Below is this week’s Autism Society of North Carolina (ASNC) weekly update on policy changes and legislation related to local, state, and federal COVID-19 emergency orders.

We Need Your Help! 
The North Carolina General Assembly, our state’s legislature, is back in session and focused on COVID-19 related needs. Funding in the draft bills for COVID related needs does little to address services and supports for those on the waiting list, rate changes needed to retain direct support professionals in community-based services or to support organizations who are providing services. 

The Autism Society of North Carolina continues to advocate with state agencies, LME MCOs, and the NC General Assembly for our public policy priorities, as well as the well-being, safety, and rights of people with autism during this pandemic. Because personal stories from constituents can make a significant impact we urge you to join us by contacting your elected officials. 

When you contact your North Carolina General Assembly (NCGA) House and Senate members, ask them to support people with autism and their families.  Please share your stories of life with autism. Use email and social media to reach out to your elected officials, as the legislative building is not open to the public. Find contact information for your representatives here. Let them know:

  • Funding is needed to ensure community IDD providers have the capacity to serve people, especially those in crisis. Current relief legislation such as the Payroll Protection Plan (PPP) does not offer help to provider agencies.  
  • Rate increases are needed to retain enough direct support professionals during and after the crisis.
  • There are still over 14,000 people on the waiting list for Medicaid waiver services. These individuals DO NEED supports during and immediately following the crisis – they cannot be forgotten.
  • School systems must have the funding to support students with special needs, both with remote learning and for compensatory education as they return to schools.  
  • The uninsured in North Carolina need coverage more than ever. Fill the health care coverage gap, regardless of COVID19 status.
  • Allocate funding to support Medicaid Transformation so the needs of the whole person can be addressed, and care management can be restored.  


An Abbreviated Legislative Session  

This year’s session began Tuesday, April 28. The NCGA is expected to hold a very short two-week legislative session to handle budgetary and policy changes needed to address the COVID19 pandemic’s effect on North Carolina. The legislative process has been adjusted to allow for members to debate, present amendments, and vote in smaller groups or vote by proxy through minority and majority party leadersCommittee meetings are taking place virtually with members participating from their own offices or homes. The public is not allowed inside the legislative building, but you can listen or view the process online at www.ncleg.net  

  • Appropriations Committees will meet Wednesday, April 29th to finalize bills allocating funding from state and federal sources.  
  • Draft legislation from the House COVID19 Committees is expected to be voted on as soon as Thursday, April 30th, and passed on to the Senate who will consider potential changes to address their own priorities.  
  • Any differences would need to be negotiated between the two chambers before being sent to the Governor.  
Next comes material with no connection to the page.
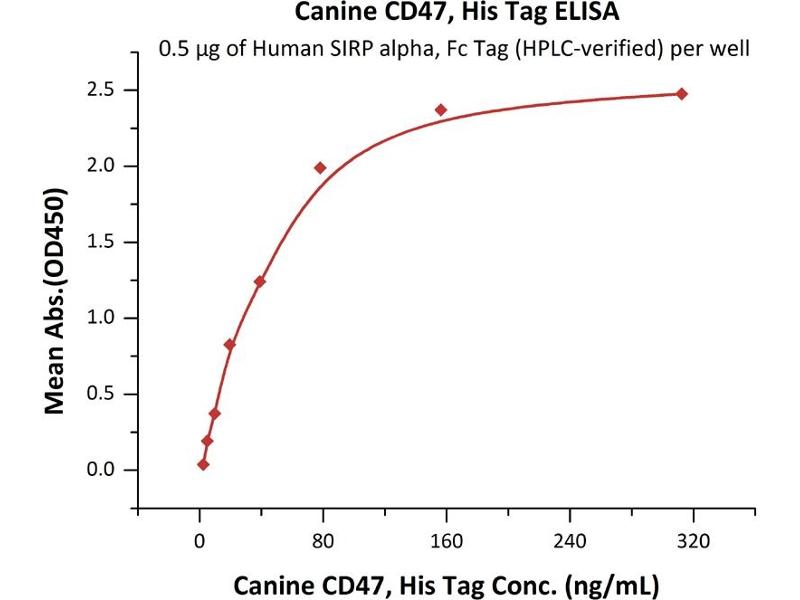 CD47 Origin: Dog Host: HEK-293 Cells Recombinant >90 % as determined by reduced SDS-PAGE. Active

At this writing, it is unclear if other legislation will be considered during this two-week period, or if legislators will return for a talked about, but not yet scheduled,longer session in late summer. A late summer session would allow elected officials to handle budget issues once the state revenue picture is clearer 


House COVID19 Committee Recommendations  

The NCGA House Select Committee on COVID19 has four workgroups focused on Health, Education, Economic Supports, and State OperationsEach work group’s draft bills (and updates) can be viewed here.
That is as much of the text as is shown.